In 2015, Raleigh, NC, based polling outfit PPP found that just 13% of Americans thought Die Hard was a Christmas movie, while 62% thought it was not. I presume the remaining 25% hung up in disgust at the absurd suggestion that Die Hard is anything other than a holiday classic. It is high time to put this matter to rest. Of course Die Hard is a Christmas movie. Don’t be ridiculous.
Die Hard takes place on Christmas Eve at a Christmas party, and features a plot that is timeless Christmas movie fare: the story or an intrepid hero who overcomes adversity to save Christmas and reconnect with what is truly important.
In Rudolph the Red-nosed Reindeer, Rudolph must save his girlfriend, Clarice. In Die Hard, Bruce Willis’ John McClane must save his wife. Rudolph battles the abominable snow monster, McClane battles abominable terrorists.
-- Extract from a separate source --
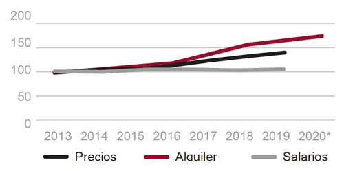 Los alquileres de viviendas se situaron en un nivel medio en España de 10,9 euros/m2-mes en diciembre de 2019, lo que supuso una variación del 4,8% en dicho año. Esta evolución supuso una desaceleración respecto del 9,1% registrado en 2018. Por cuarto año consecutivo el aumento de los alquileres en 2019 superó al de los precios de venta de las viviendas.

Rudolph gets hit in the head by a stalactite, John McClane walks barefoot across broken glass. See? Same.
A grinch character is also a common theme in Christmas movies. Who could be more Grinch-like than Alan Rickman’s Hans Gruber, the terrorist villain of Die Hard? In The Grinch Who Stole Christmas, The Grinch wants to steal Christmas cheer; in Die Hard, Gruber wants to steal Christmas cheer too — in the form of several hundred million dollars. In both movies, the bad guy character is forever changed. The Grinch’s heart grew ten sizes that day; in Die Hard, Gruber fell out of a window…well, close enough.
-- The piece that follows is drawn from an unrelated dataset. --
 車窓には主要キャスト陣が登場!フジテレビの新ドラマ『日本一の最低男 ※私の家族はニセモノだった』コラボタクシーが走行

Like many Christmas movies, Die Hard is, at its core, a tale about a protagonist who forgets what is really important, only to find it again in the end. In the beginning of the film, McClane’s petty resentments about his wife’s career ambitions have estranged him from the people he cares for most, his wife and daughter.
As Drew Taylor writes for Moviefone, “during the course of the movie, McClane is transformed. When he emerges, bloodied and burnt, at the end of the movie, his wife can barely recognize him. And how does she address him? ‘Jesus Christ,’ the kid whose birth we’re ostensibly celebrating on Christmas Day.”
I rest my case.
In classic Christmas movie style, John McClane fights through adversity to find the true meaning of Christmas: family, selflessness, and love. In the end, McClane and his wife are reconciled and he’s determined to be the great dad we always knew he could be. In the final scene, we see McClane and wife kissing, framed by shreds of paper falling gently around them like snowflakes. The strains of “Let It Snow” fade in, and Christmas is saved.